| Extracted records |
····················

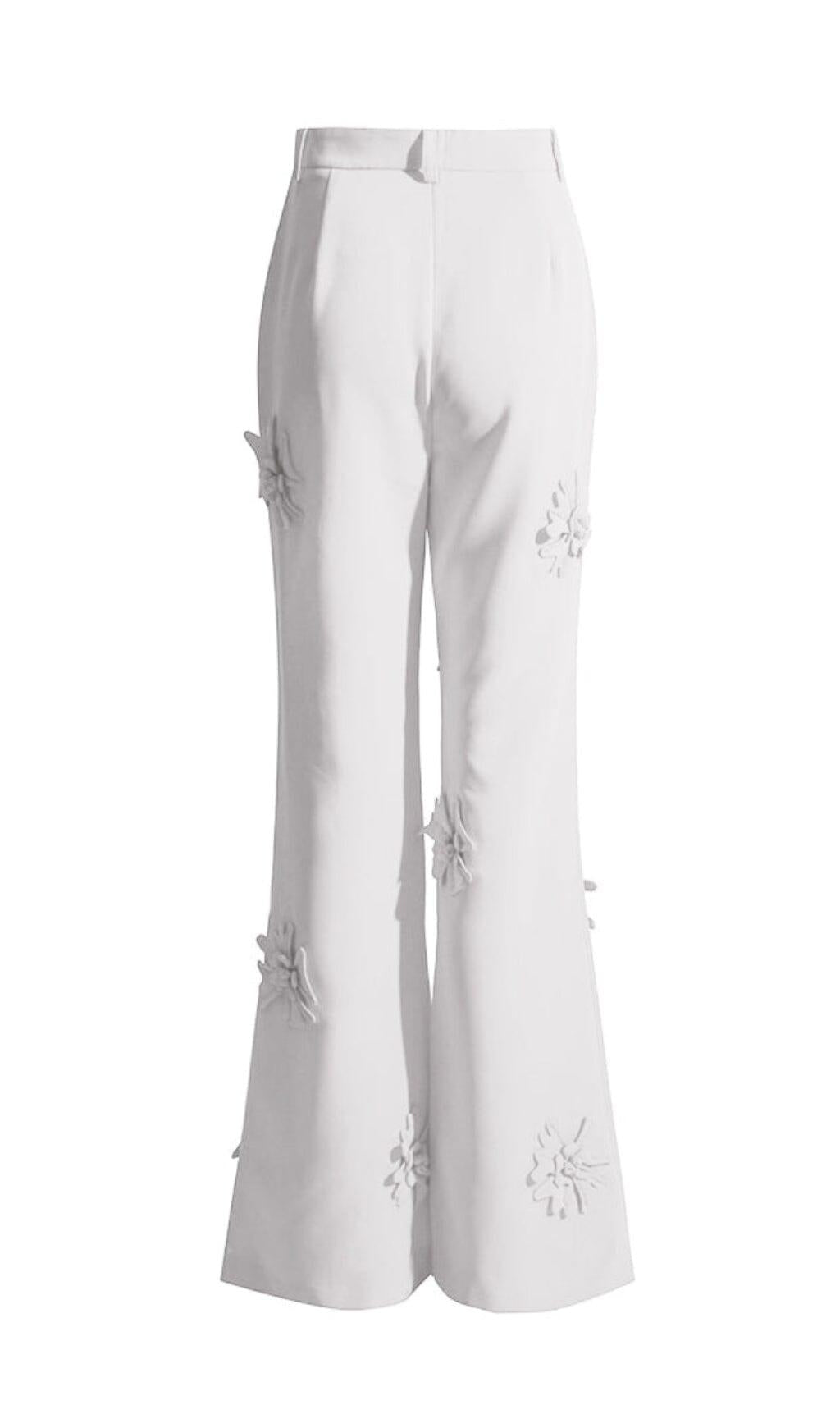 The STEREO FLOWER MID-RISE JEANS IN WHITE are not your ordinary pair of jeans. With their bold and eye-catching design, these jeans are sure to make a statement wherever you go. The unique three-dimensional flower inlays on the fabric add a touch of fashion and elegance, making these jeans stand out from the crowd.
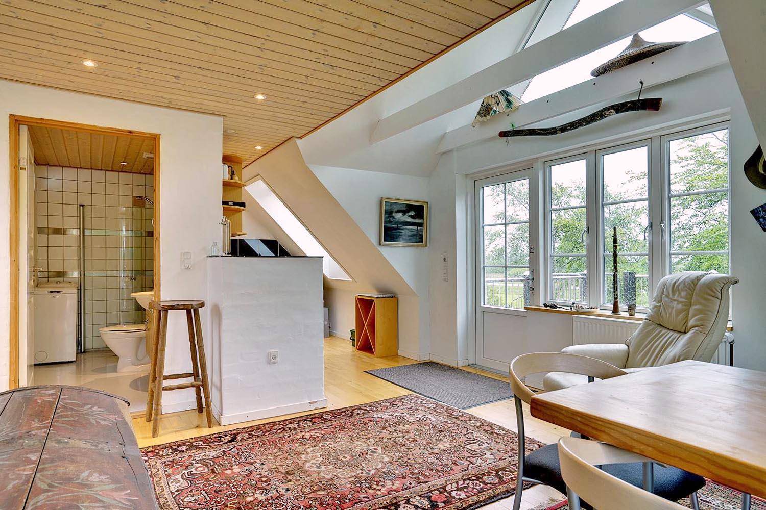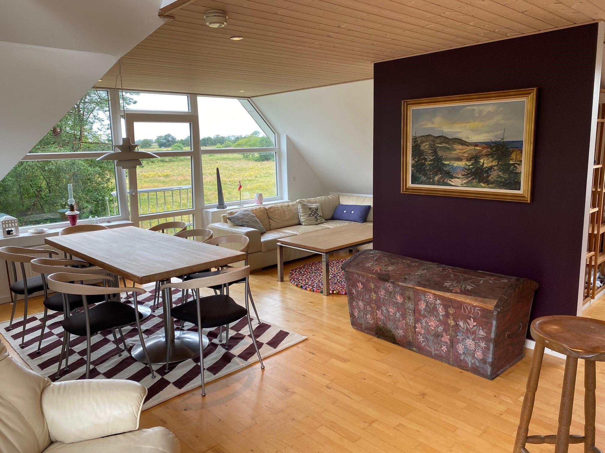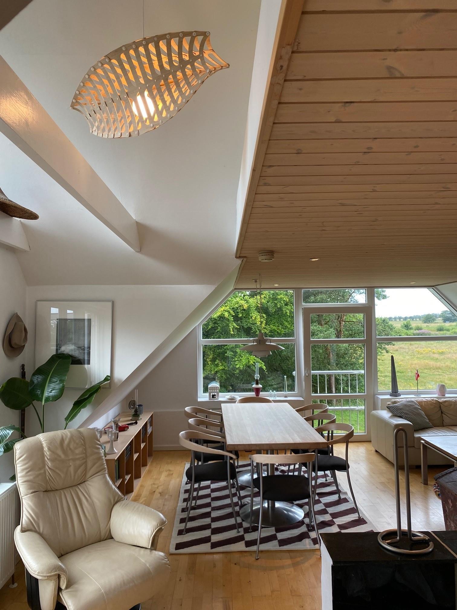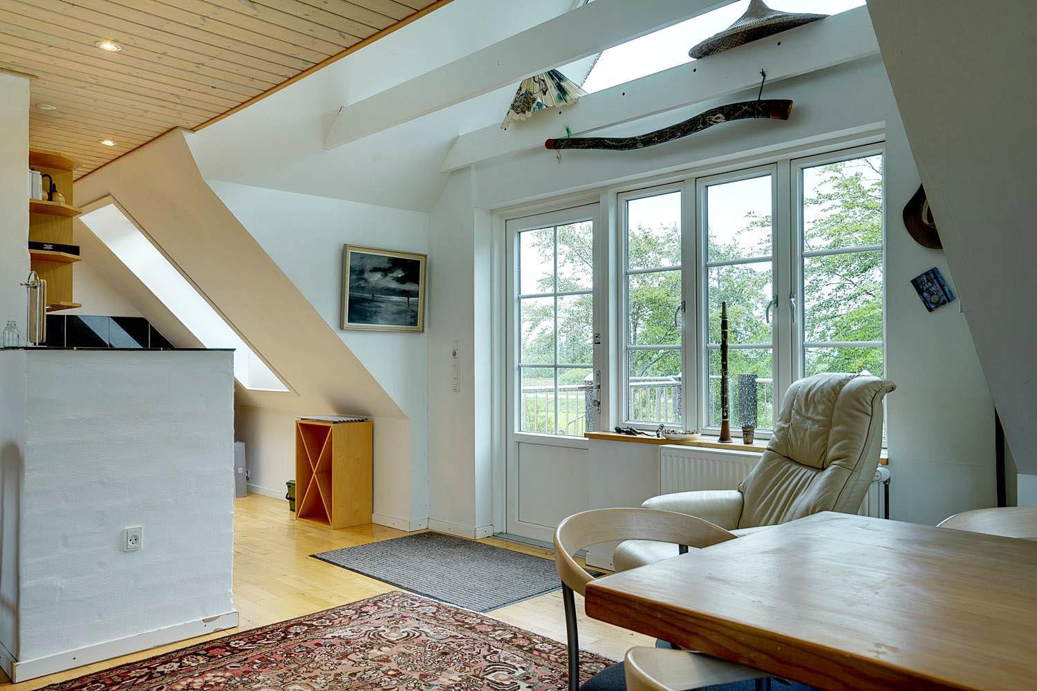 Denne lejlighed på 1. sal i Henne Kirkeby giver jer en unik mulighed for at opleve Vesterhavets perler, med en skøn udsigt over området og adgang til en række spændende oplevelser. I hjertet af lejligheden findes en lys og åben opholdsstue med køkkenafdeling, som indeholder alt, hvad I har brug for – keramisk komfur, emhætte, opvaskemaskine samt køleskab med lille fryser, alt sammen i åben forbindelse med stuen. Her kan I slappe af og nyde ferien efter dagens oplevelser.
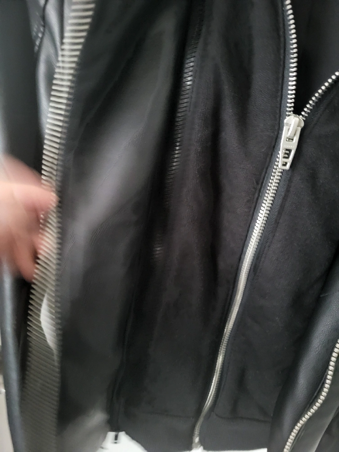 It's in great condition and features a stylish design with zippers and a hood. Perfect for adding a bit of edge to your wardrobe
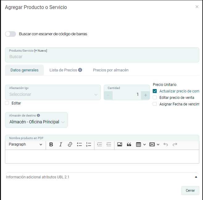 - Actualizar precio: Si el producto antes no tenia precio de compra con esta casilla podrás actualizarla.
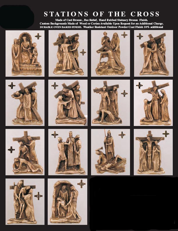 Set of 14 Stations with cast bronze numerals mounted on 3″ square oak wood crosses.

····················

| TASK |
Would you copy each line above exactly as given, dropping any images?

| WRITTEN ANSWER |
 The STEREO FLOWER MID-RISE JEANS IN WHITE are not your ordinary pair of jeans. With their bold and eye-catching design, these jeans are sure to make a statement wherever you go. The unique three-dimensional flower inlays on the fabric add a touch of fashion and elegance, making these jeans stand out from the crowd.
 Denne lejlighed på 1. sal i Henne Kirkeby giver jer en unik mulighed for at opleve Vesterhavets perler, med en skøn udsigt over området og adgang til en række spændende oplevelser. I hjertet af lejligheden findes en lys og åben opholdsstue med køkkenafdeling, som indeholder alt, hvad I har brug for – keramisk komfur, emhætte, opvaskemaskine samt køleskab med lille fryser, alt sammen i åben forbindelse med stuen. Her kan I slappe af og nyde ferien efter dagens oplevelser.
 It's in great condition and features a stylish design with zippers and a hood. Perfect for adding a bit of edge to your wardrobe
 - Actualizar precio: Si el producto antes no tenia precio de compra con esta casilla podrás actualizarla.
 Set of 14 Stations with cast bronze numerals mounted on 3″ square oak wood crosses.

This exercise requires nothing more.